(DATASET CONTENT)

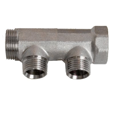 2-grens fordelerrør fra Pettinaroli i messing med korrosionsbeskyttende TEA-belægning. Velegnet til drikkevandssystemer.
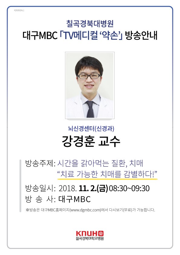 | [방송안내]대구MBC 'TV메디컬 약손' 강경훈 교수 편 방송안내 | ||
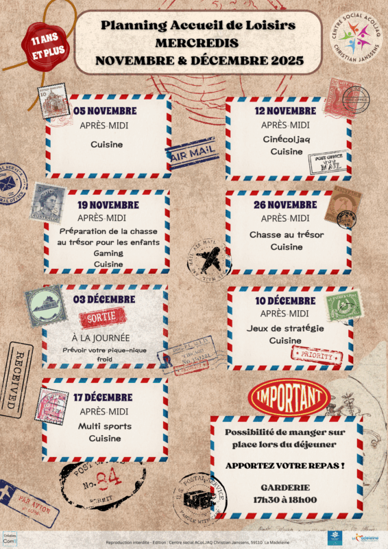 Le Centre Social ACOLJAQ est heureux d’annoncer le lancement des inscriptions pour les accueils de loisirs des mercredis de novembre et décembre 2025 !

(End DATASET CONTENT)

WHAT YOU SHOULD DO. For this exercise, transcribe the data exactly but without its pictures.

RESPONSE BOX.
 2-grens fordelerrør fra Pettinaroli i messing med korrosionsbeskyttende TEA-belægning. Velegnet til drikkevandssystemer.
 | [방송안내]대구MBC 'TV메디컬 약손' 강경훈 교수 편 방송안내 | ||
 Le Centre Social ACOLJAQ est heureux d’annoncer le lancement des inscriptions pour les accueils de loisirs des mercredis de novembre et décembre 2025 !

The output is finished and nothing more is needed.